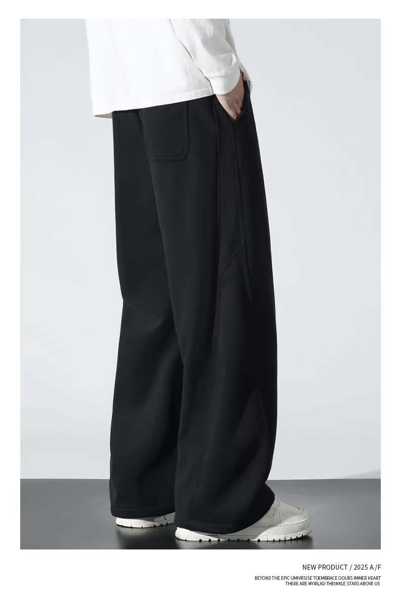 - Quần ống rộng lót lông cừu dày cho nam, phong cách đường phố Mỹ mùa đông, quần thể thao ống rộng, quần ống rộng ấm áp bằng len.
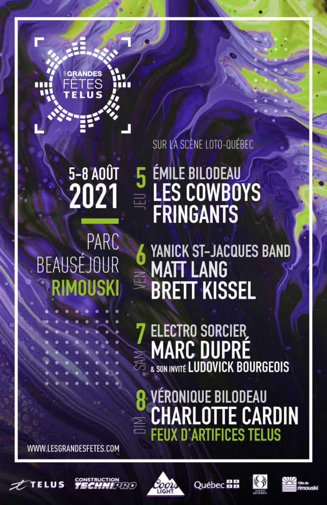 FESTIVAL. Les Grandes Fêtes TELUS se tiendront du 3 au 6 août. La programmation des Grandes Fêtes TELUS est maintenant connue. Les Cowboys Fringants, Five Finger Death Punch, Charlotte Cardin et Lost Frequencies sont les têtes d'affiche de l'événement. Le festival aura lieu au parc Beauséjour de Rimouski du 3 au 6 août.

==

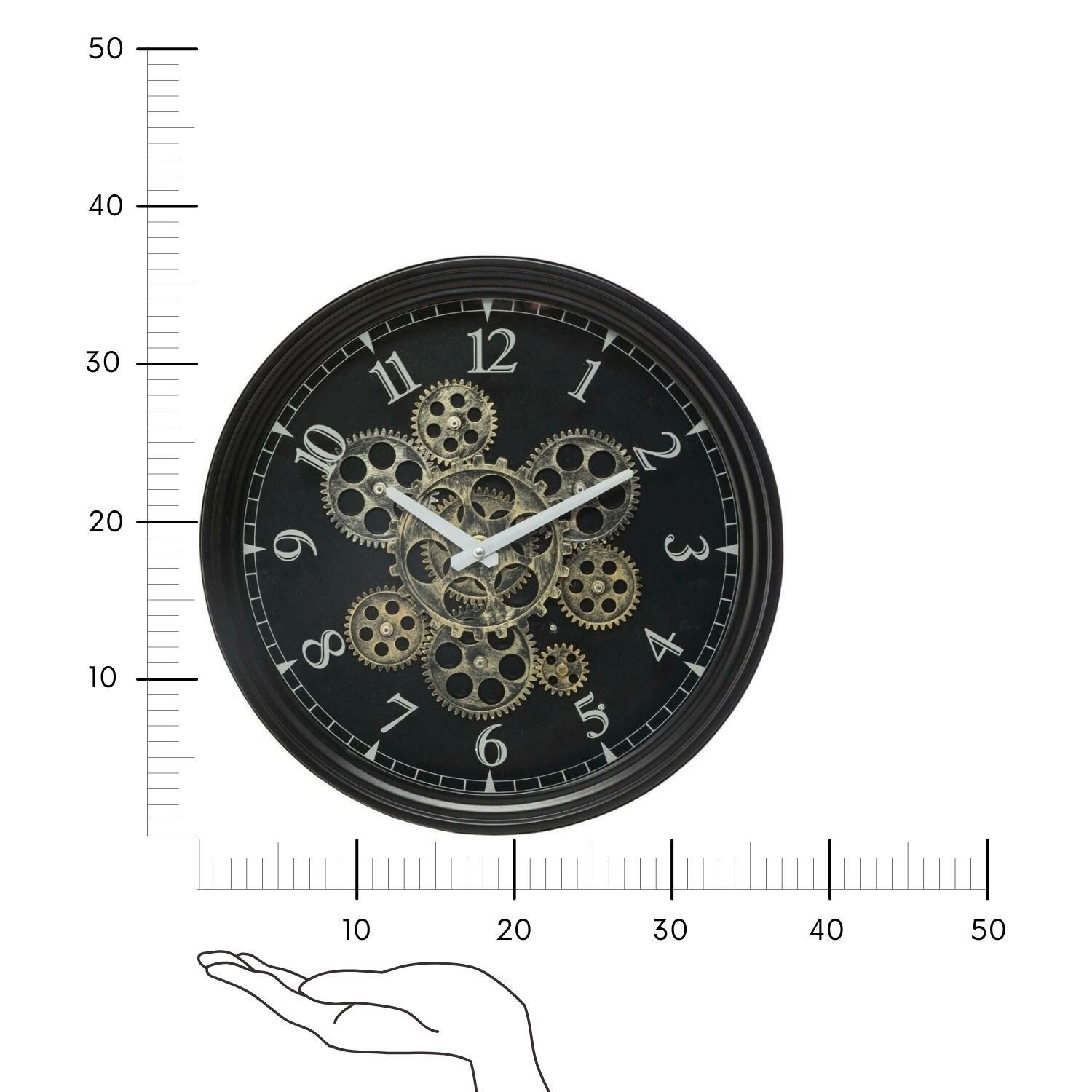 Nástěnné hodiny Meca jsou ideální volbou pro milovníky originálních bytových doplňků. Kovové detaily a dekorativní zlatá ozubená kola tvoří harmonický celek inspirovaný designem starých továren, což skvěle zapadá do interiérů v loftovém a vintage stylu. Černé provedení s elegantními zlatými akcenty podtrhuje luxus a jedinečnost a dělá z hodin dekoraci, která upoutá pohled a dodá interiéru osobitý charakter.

*Description of the task:*
Would you transcribe the lines above exactly, going from the line bearing "- Quần ống rộng" through the line bearing "FESTIVAL. Les Grandes", and drop the pictures from the copy?

*Output of the task:*
 - Quần ống rộng lót lông cừu dày cho nam, phong cách đường phố Mỹ mùa đông, quần thể thao ống rộng, quần ống rộng ấm áp bằng len.
 FESTIVAL. Les Grandes Fêtes TELUS se tiendront du 3 au 6 août. La programmation des Grandes Fêtes TELUS est maintenant connue. Les Cowboys Fringants, Five Finger Death Punch, Charlotte Cardin et Lost Frequencies sont les têtes d'affiche de l'événement. Le festival aura lieu au parc Beauséjour de Rimouski du 3 au 6 août.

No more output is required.